MSE_train = np.mean((pred_train-Y_train)**2)
MSE_val = np.mean((pred_val-Y_val)**2)

In [24]:
print(MSE_train)
print(MSE_val)

0.9113685285012638
0.9444777470972421


## Learning Rate Decay with Momentum


In [25]:
np.random.seed(123)
sgd = optimizers.SGD(lr=0.03, decay=0.0001, momentum=0.9)
model = Sequential()
model.add(layers.Dense(8, input_dim=12, activation='relu'))
model.add(layers.Dense(1, activation = 'linear'))

model.compile(optimizer= sgd ,loss='mse',metrics=['mse'])
hist = model.fit(X_train, Y_train, batch_size=32, 
                 epochs=100, validation_data = (X_val, Y_val), verbose = 0)

In [26]:
pred_train = model.predict(X_train).reshape(-1)
pred_val = model.predict(X_val).reshape(-1)

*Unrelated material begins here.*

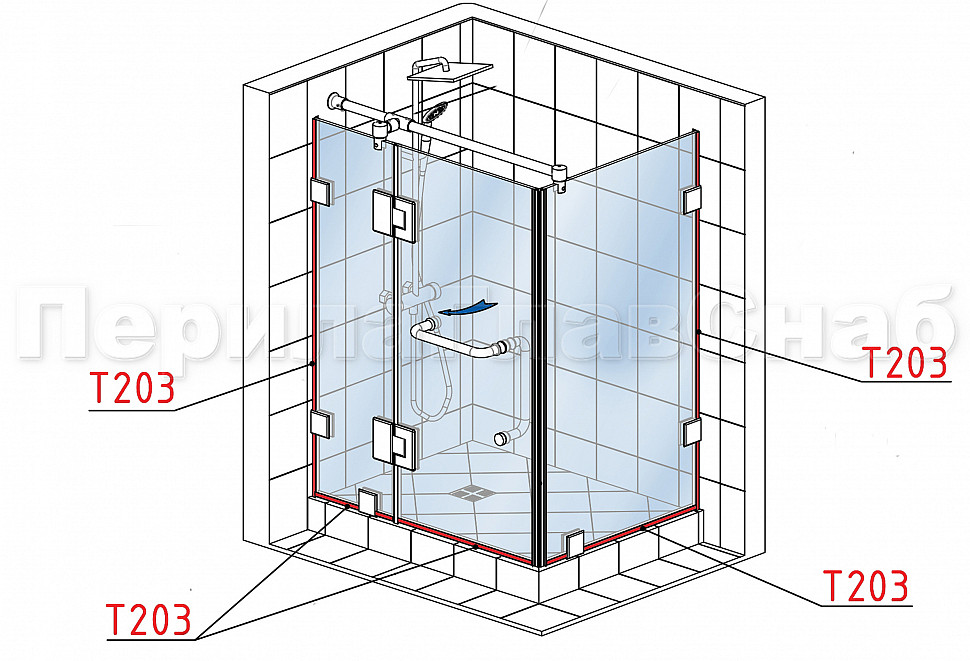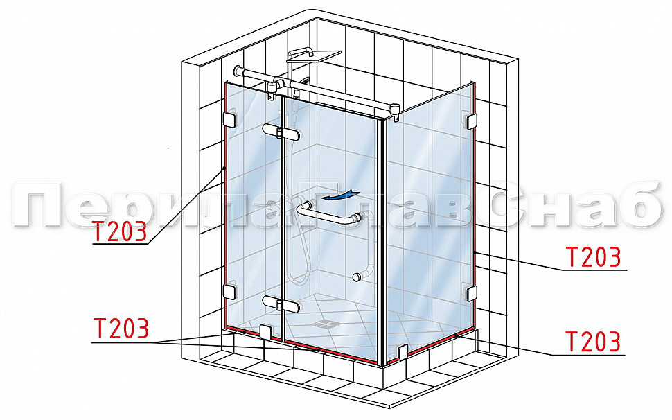 Комплект раздвижной системы для стеклянной душевой, нержавеющая сталь AISI 304, полированная t401 PSS купить в Воронеже
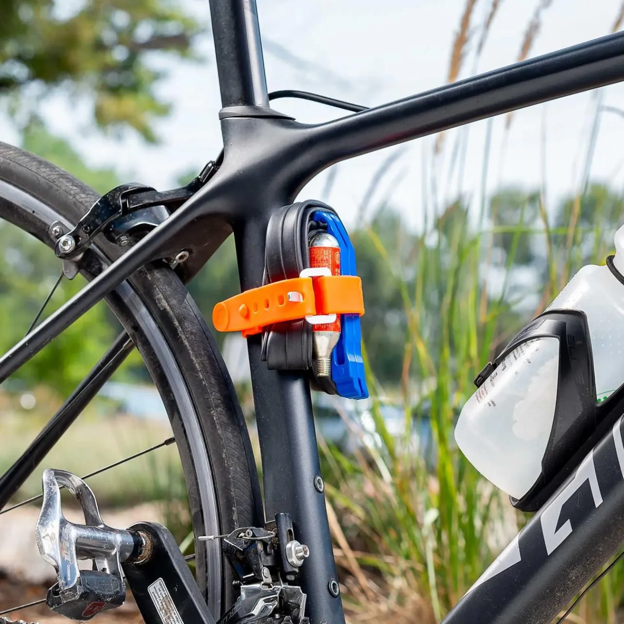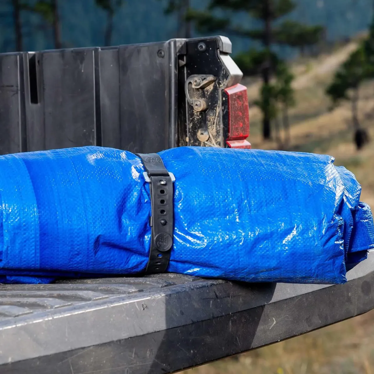 With the buckle post facing upwards, simply loop the strap around your gear of choice and pull the strap to create a tight cinch around your item, threading the aluminum post through one of the designated holes on the strap. Slide the Strap Cap into position and push the strap hole onto the snap, securing any excess strap end in place for a tidy connection.

MSE_train = np.mean((pred_train-Y_train)**2)
MSE_val = np.mean((pred_val-Y_val)**2)

In [27]:
print(MSE_train)
print(MSE_val)

0.8188327426055082
0.9218409795298302


## Additional Resources
* https://github.com/susanli2016/Machine-Learning-with-Python/blob/master/Consumer_complaints.ipynb  

* https://catalog.data.gov/dataset/consumer-complaint-database  

* https://machinelearningmastery.com/dropout-regularization-deep-learning-models-keras/  

* https://machinelearningmastery.com/grid-search-hyperparameters-deep-learning-models-python-keras/  

* https://machinelearningmastery.com/regression-tutorial-keras-deep-learning-library-python/  

* https://stackoverflow.com/questions/37232782/nan-loss-when-training-regression-network  

* https://machinelearningmastery.com/grid-search-hyperparameters-deep-learning-models-python-keras/


## Summary  

In this lab, we began to practice some of the concepts regarding normalization and optimization for neural networks. In the final lab for this section, you'll independently practice these concepts on your own in order to tune a model to predict individuals payments to loans.